Task brief :: Use the entries below and reproduce exactly the lines from the one containing "б> Нет необходимости" down to the one containing "UAX Unisex sizes", both of them included.

Input ::
↓↓↓
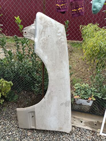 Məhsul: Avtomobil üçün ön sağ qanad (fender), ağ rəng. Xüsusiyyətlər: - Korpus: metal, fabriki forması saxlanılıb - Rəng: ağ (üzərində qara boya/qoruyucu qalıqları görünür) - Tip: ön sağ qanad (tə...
↑↑↑
↓↓↓
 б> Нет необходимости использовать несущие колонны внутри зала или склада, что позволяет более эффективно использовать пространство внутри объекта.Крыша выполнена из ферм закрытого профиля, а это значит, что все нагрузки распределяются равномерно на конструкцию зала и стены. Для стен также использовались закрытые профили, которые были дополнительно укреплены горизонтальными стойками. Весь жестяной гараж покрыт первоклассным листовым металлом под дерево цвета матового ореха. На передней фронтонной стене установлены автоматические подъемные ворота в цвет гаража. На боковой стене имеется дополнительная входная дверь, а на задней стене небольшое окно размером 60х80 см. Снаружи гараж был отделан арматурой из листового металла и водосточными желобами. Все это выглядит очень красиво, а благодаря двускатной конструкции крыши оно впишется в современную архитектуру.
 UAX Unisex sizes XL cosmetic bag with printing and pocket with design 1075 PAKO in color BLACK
↑↑↑
Output for this exercise ::
 б> Нет необходимости использовать несущие колонны внутри зала или склада, что позволяет более эффективно использовать пространство внутри объекта.Крыша выполнена из ферм закрытого профиля, а это значит, что все нагрузки распределяются равномерно на конструкцию зала и стены. Для стен также использовались закрытые профили, которые были дополнительно укреплены горизонтальными стойками. Весь жестяной гараж покрыт первоклассным листовым металлом под дерево цвета матового ореха. На передней фронтонной стене установлены автоматические подъемные ворота в цвет гаража. На боковой стене имеется дополнительная входная дверь, а на задней стене небольшое окно размером 60х80 см. Снаружи гараж был отделан арматурой из листового металла и водосточными желобами. Все это выглядит очень красиво, а благодаря двускатной конструкции крыши оно впишется в современную архитектуру.
 UAX Unisex sizes XL cosmetic bag with printing and pocket with design 1075 PAKO in color BLACK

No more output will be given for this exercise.